You are viewing a plain text version of this content. The canonical link for it is here.
Posted to issues@calcite.apache.org by "Thomas Rebele (Jira)" <ji...@apache.org> on 2020/09/28 16:05:00 UTC

[jira] [Comment Edited] (CALCITE-4264) The query planner should take CPU cost into account

    [ https://issues.apache.org/jira/browse/CALCITE-4264?page=com.atlassian.jira.plugin.system.issuetabpanels:comment-tabpanel&focusedCommentId=17203325#comment-17203325 ] 
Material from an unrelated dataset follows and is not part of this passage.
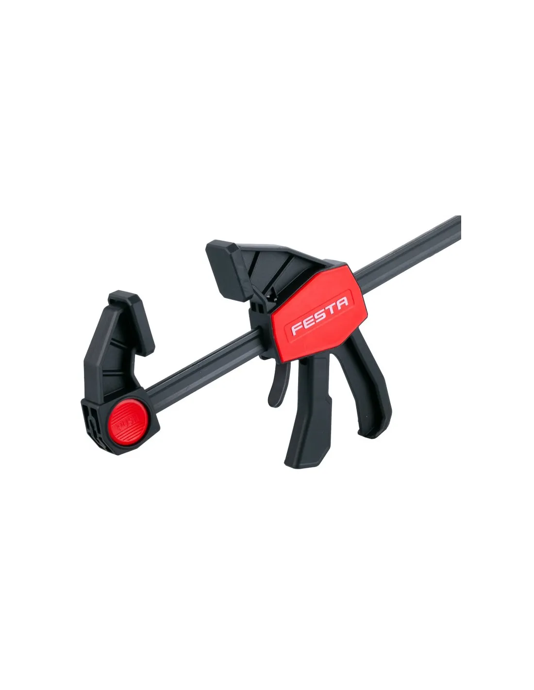 Rychloupínací svěrka QUICK GRIP. Tvrzená ocelová vodící lišta. Plastová rukojeť. Rychlé upínání a rozevírání.

Thomas Rebele edited comment on CALCITE-4264 at 9/28/20, 4:04 PM:
------------------------------------------------------------------

I implemented the proposal and run the tests. It improves some plans slightly. The order of a sort and project is arranged in a way, so that the sort is applied to the input with the fewest columns. This is because the CPU cost of sort takes the number of columns into account. A pull request is available.

Edit: [~vladimirsitnikov], as I understand the rowCost, it specifies how many rows are read from the input. Both Limit(Sort(...)) and LimitSort(...) need to read the whole input, as the last row might be part of the result. So the rowCost should be the same for both.


was (Author: thomas.rebele):
I implemented the proposal and run the tests. It improves some plans slightly. The order of a sort and project is arranged in a way, so that the sort is applied to the input with the fewest columns. This is because the CPU cost of sort takes the number of columns into account. A pull request is available.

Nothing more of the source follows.